■ **INSTRUCTIONS FOR THE TASK**
Would you return exactly the lines from the top of the data below through the one containing "为扎实推进产教融合,强化实习", leaving out the pictures?

■ **STORED DATA**
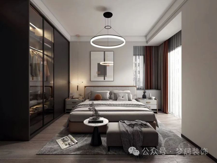 主臥裝修以灰色為基調(diào),搭配木地板,溫馨又有質感?;疑荡钆浜喖s而又高級優(yōu)雅,大落地窗采光舒適,簡約又自在。
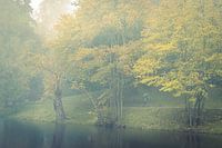 Het Noorderplanstoen in de ochtend. Deze vrouw is hier een lekkere wandeling aan het maken in dit prachtige mistige plantsoen. Ze wandelt hier heerlijk tussen de bomen en valt bijna niet op.
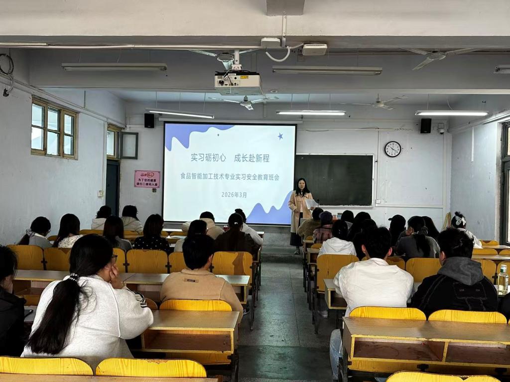 为扎实推进产教融合,强化实习学生安全意识与职业素养,确保2024级食品智能加工技术(含酒类智能加工技术)专业29名学生赴南京喜之郎食品有限公司实习工作安全有序开展,3月26日中午,食品智能加工技术教研室与学生科共同召开专题实习动员暨安全教育大会。专任教师、辅导员及全体即将赴企业实习学生参加会议。
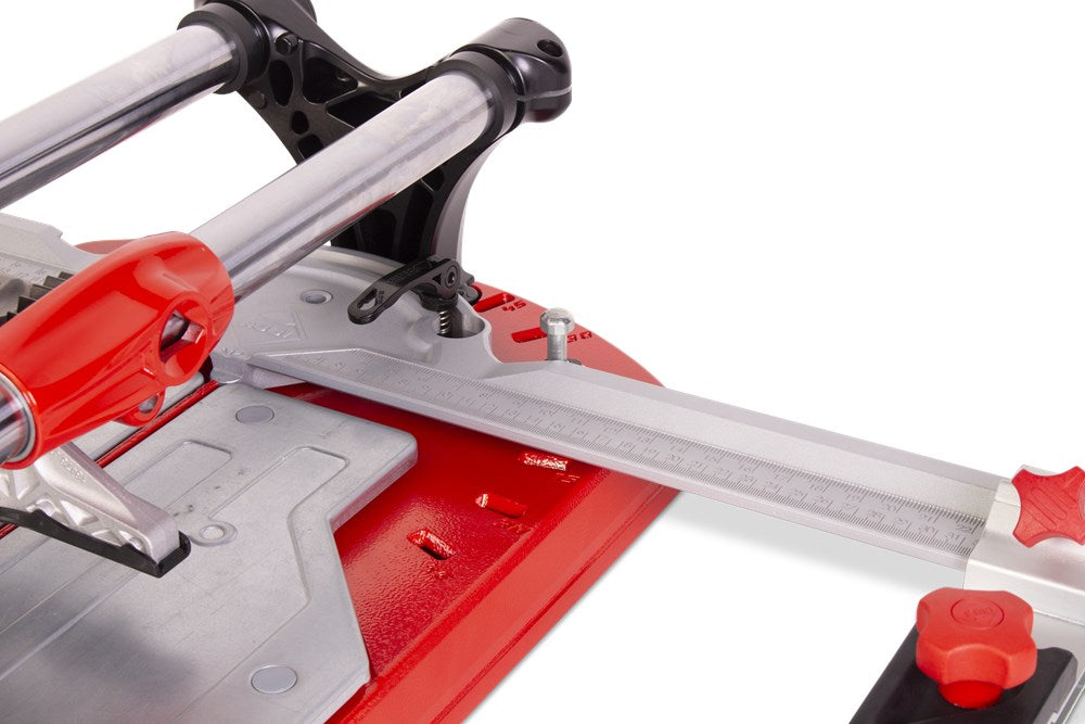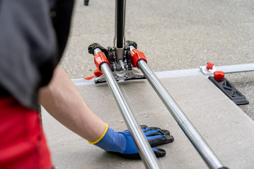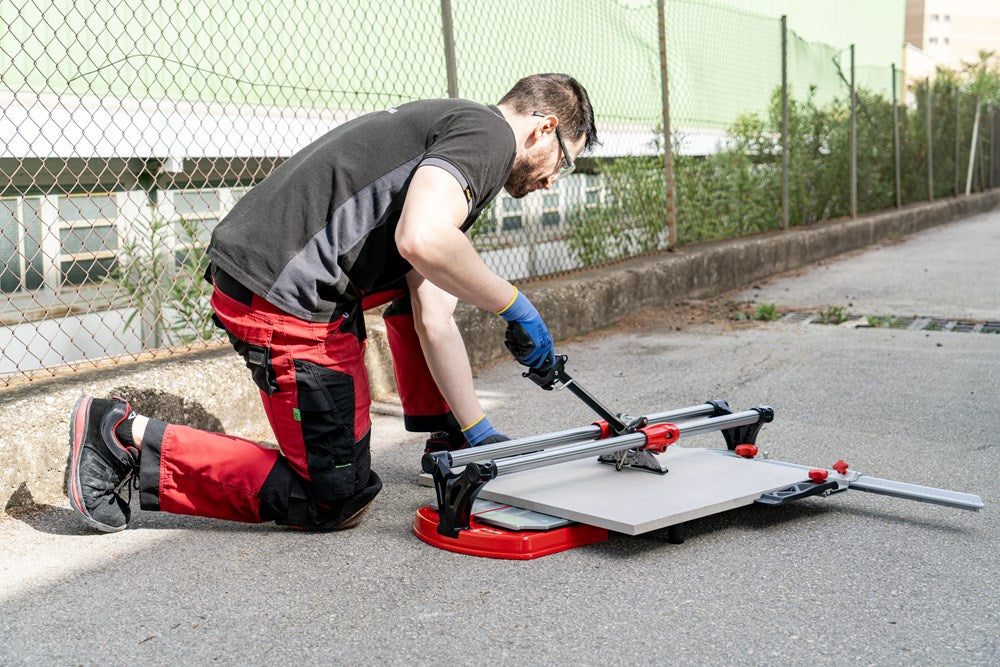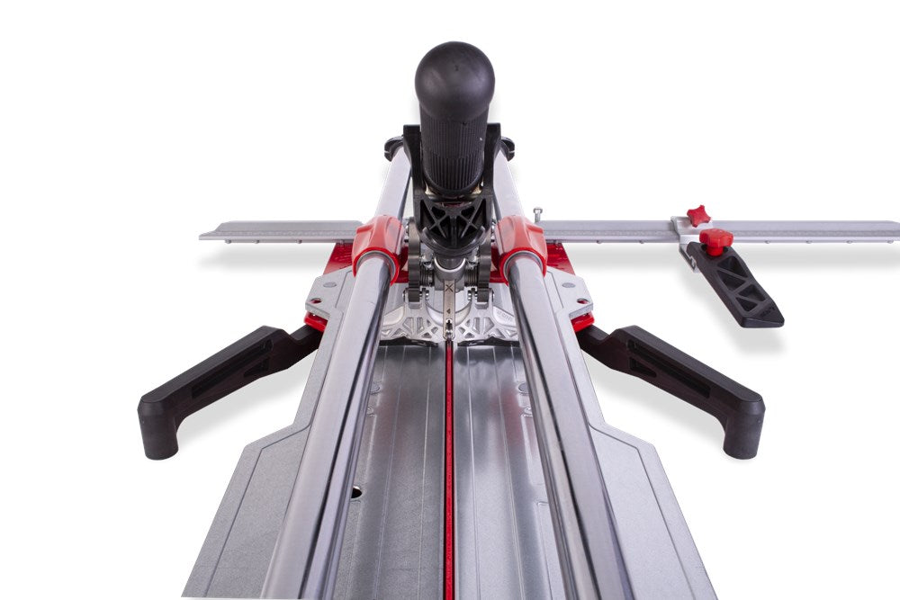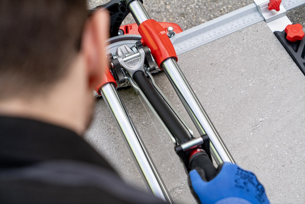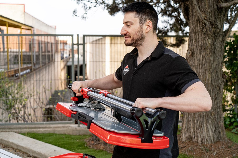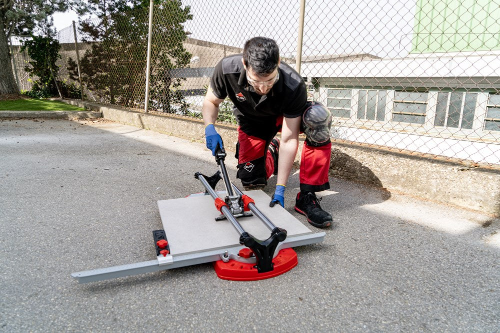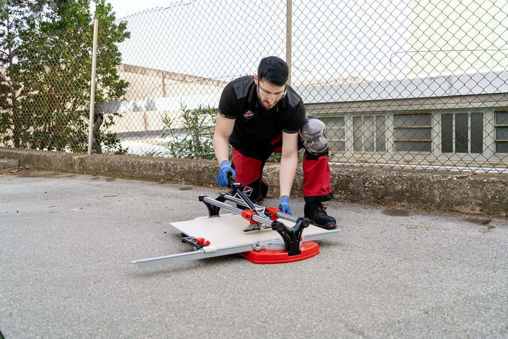 De professionele tegelsnijders uit de TX-MAX serie zijn perfect voor het INTENSIEF snijden van alle soorten keramische tegels. Dankzij hun krachtige mobiele breker en hun vooraanslag met centrale draai-as maken de TX-MAX-modellen een eenvoudige en snelle uitvoering van hoeksneden (van 0º tot 45º) mogelijk, vooral in porseleinen tegels. Dankzij de grote breekkracht (tot 1200 kg) kunnen de TX-MAX tegelsnijders ook gres heel goed aan.De 30 mm diameter van de stalen geleiders en de extra lange aluminium snijkop zorgen voor een indrukwekkende robuustheid, waardoor de modellen met een hogere snijcapaciteit (TX-1020 MAX en TX-1250 MAX) optimaal tot hun recht komen.De geavanceerde positie van het snijwieltje verhoogt de zichtbaarheid tijdens het snijden en het breken, en de breekvleugel is voorzien van een afneembare beschermer die het mogelijk maakt om markering op de meest delicate oppervlakken te voorkomen.De vergrendeling van de breekvleugel, door middel van een ratelmechanisme, en de ontgrendeling, door middel van een trekker, maakt het mogelijk om met slechts één hand te snijden en te breken.Als aanvulling op de zwevende breekplaten zijn de modellen 710 en 1020 uitgerust met twee extra zijsteunen om het steunvlak voor grootformaat tegels te vergroten. Model 1250 heeft 4 steunen (twee aan elke kant).Alle modellen uit de TX-MAX-serie zijn voorzien van een zijaanslag voor repeterende sneden en smalle stroken, ook zijn twee snijwieltjes (8 mm en 22 mm EXTREME) en de transportkoffer inbegrepen. De TX-MAX tegelsnijders zijn compatibel met het volledige PLUS snijwieltjesassortiment van RUBI. Het model TX-1250 MAX bevat naast de koffer ook handgrepen en wielen voor eenvoudige hanteerbaarheid op de werkplek.*Er zijn enkele keramische materialen, met een dikte van meer dan 15 mm, die vanwege hun fysische eigenschappen, mogelijke interne spanningen of afwerking moeilijk te snijden zijn. Het wordt aangeraden om enkele proefsneden te maken te maken om de comptabiliteit van het product te bepalen.

■ **RESULT**
 主臥裝修以灰色為基調(diào),搭配木地板,溫馨又有質感?;疑荡钆浜喖s而又高級優(yōu)雅,大落地窗采光舒適,簡約又自在。
 Het Noorderplanstoen in de ochtend. Deze vrouw is hier een lekkere wandeling aan het maken in dit prachtige mistige plantsoen. Ze wandelt hier heerlijk tussen de bomen en valt bijna niet op.
 为扎实推进产教融合,强化实习学生安全意识与职业素养,确保2024级食品智能加工技术(含酒类智能加工技术)专业29名学生赴南京喜之郎食品有限公司实习工作安全有序开展,3月26日中午,食品智能加工技术教研室与学生科共同召开专题实习动员暨安全教育大会。专任教师、辅导员及全体即将赴企业实习学生参加会议。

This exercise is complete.